(Collection entries)
---+---

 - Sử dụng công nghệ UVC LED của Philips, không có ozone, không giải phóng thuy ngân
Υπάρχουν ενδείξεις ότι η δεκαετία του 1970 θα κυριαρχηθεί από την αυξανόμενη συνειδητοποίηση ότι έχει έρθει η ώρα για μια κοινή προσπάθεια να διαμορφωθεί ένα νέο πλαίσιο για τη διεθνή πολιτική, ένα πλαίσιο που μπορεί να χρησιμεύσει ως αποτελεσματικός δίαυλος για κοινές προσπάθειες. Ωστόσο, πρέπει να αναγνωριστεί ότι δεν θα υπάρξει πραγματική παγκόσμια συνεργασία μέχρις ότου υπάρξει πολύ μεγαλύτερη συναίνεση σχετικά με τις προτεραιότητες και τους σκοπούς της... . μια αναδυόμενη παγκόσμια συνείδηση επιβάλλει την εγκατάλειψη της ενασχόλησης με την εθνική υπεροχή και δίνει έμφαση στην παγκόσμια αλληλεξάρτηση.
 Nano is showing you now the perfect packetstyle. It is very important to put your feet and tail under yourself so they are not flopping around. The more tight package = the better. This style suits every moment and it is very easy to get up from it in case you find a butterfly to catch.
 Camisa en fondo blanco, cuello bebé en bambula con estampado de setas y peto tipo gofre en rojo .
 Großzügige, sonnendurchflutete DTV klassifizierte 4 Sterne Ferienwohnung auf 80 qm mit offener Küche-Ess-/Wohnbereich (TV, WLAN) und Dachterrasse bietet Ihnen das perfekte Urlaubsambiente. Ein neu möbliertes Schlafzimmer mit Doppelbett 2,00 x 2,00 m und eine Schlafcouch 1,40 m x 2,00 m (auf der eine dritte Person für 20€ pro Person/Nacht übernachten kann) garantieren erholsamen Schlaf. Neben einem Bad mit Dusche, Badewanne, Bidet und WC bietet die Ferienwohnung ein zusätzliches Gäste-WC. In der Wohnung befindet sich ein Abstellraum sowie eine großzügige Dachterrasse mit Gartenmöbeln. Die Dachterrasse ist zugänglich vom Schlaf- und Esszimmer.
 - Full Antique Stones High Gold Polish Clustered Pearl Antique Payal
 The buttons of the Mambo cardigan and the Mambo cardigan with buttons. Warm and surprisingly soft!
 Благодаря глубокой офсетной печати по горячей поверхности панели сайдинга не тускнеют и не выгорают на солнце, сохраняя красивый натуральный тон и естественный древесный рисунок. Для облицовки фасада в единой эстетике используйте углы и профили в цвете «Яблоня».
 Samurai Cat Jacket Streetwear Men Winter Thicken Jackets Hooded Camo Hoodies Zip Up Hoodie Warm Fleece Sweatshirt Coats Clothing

---+---

• WORK REQUIRED
Copy out every line of the records that the string "Warm" appears in.

• EXERCISE SOLUTION
 The buttons of the Mambo cardigan and the Mambo cardigan with buttons. Warm and surprisingly soft!
 Samurai Cat Jacket Streetwear Men Winter Thicken Jackets Hooded Camo Hoodies Zip Up Hoodie Warm Fleece Sweatshirt Coats Clothing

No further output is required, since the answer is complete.